Null Handling¶

This tutorial demonstrates how to work with nullable data in Colnade.

Runnable example

The complete code is in examples/null_handling.py.

Setup¶

from colnade import Column, DataFrame, Float64, Schema, UInt64, Utf8
from colnade_polars import PolarsBackend
import polars as pl

class Users(Schema):
    id: Column[UInt64]
    name: Column[Utf8]
    age: Column[UInt64]
    score: Column[Float64]

fill_null — replace nulls with a value¶

filled = df.with_columns(
    Users.age.fill_null(0).alias(Users.age),
    Users.score.fill_null(0.0).alias(Users.score),
)

fill_null(value) creates a FunctionCall expression. The backend translates it to pl.col("age").fill_null(0). Multiple columns can be filled in a single with_columns call.
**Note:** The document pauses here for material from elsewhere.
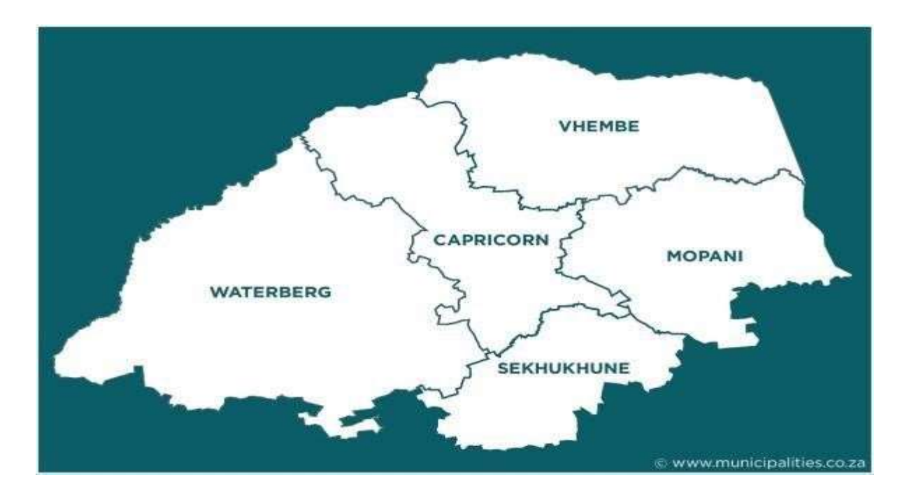
Figure 3.1: Map showing Limpopo District municipalities

drop_nulls — remove rows with nulls¶

# Drop rows where score is null
clean = df.drop_nulls(Users.score)

# Drop rows where any of the specified columns are null
clean = df.drop_nulls(Users.age, Users.score)

is_null / is_not_null — filter by null status¶

# Keep only rows with null scores
null_scores = df.filter(Users.score.is_null())

# Keep only rows with non-null scores
valid_scores = df.filter(Users.score.is_not_null())

Combining null handling with other operations¶

A common pattern: fill nulls, then filter:

result = df.with_columns(
    Users.score.fill_null(0.0).alias(Users.score),
).filter(Users.score > 50)

Or combine null checks with value filters:

result = df.filter(
    Users.score.is_not_null() & (Users.score > 50)
)

Full cleanup pipeline¶

result = (
    df.with_columns(
        Users.score.fill_null(0.0).alias(Users.score),
        Users.age.fill_null(0).alias(Users.age),
    )
    .filter(Users.age > 0)
    .sort(Users.score.desc())
)